What to produce: Print the whole listing again exactly as it stands, leaving out any images.
Dataset excerpt START
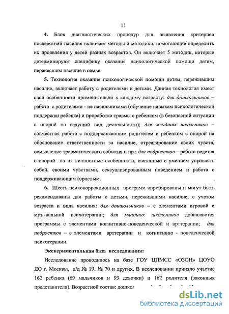 Предмет исследования: особенности оказания .психологической помощи детям, перенесшим различные виды насилия в семье.
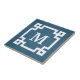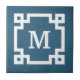 Design monograma com decoração de borda chave grega sobre fundo azul verde
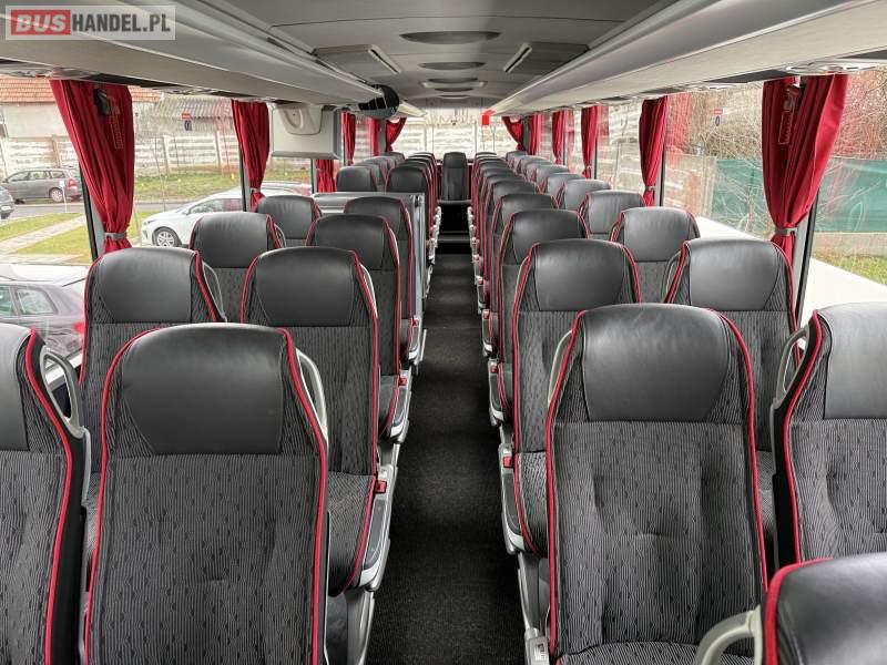 : klimatyzacja, video, WC, lodówka, caffebar, kabina sypialna, oświetlenie indywidualne, nawiewy dyszowe, fotele odchylane, podnóżki, stoliczki, siateczki, ABS, ASR, tempomat, retarder, telefon, nawigacja, CD, mikrofon, fotele odchylane i rozsuwane, wyświetlacz matrix, rampa dla inwalidów, sejf, regulacja wysokości nadwozia, centralny zamek, podwójne szyby boczne, wspomaganie kierownicy, aluminiowe felgi, elektryczne lusterka, ogrzewanie stacjonarne, DVD, hak holowniczy, ESP
Dataset excerpt END
Answer:
 Предмет исследования: особенности оказания .психологической помощи детям, перенесшим различные виды насилия в семье.
 Design monograma com decoração de borda chave grega sobre fundo azul verde
 : klimatyzacja, video, WC, lodówka, caffebar, kabina sypialna, oświetlenie indywidualne, nawiewy dyszowe, fotele odchylane, podnóżki, stoliczki, siateczki, ABS, ASR, tempomat, retarder, telefon, nawigacja, CD, mikrofon, fotele odchylane i rozsuwane, wyświetlacz matrix, rampa dla inwalidów, sejf, regulacja wysokości nadwozia, centralny zamek, podwójne szyby boczne, wspomaganie kierownicy, aluminiowe felgi, elektryczne lusterka, ogrzewanie stacjonarne, DVD, hak holowniczy, ESP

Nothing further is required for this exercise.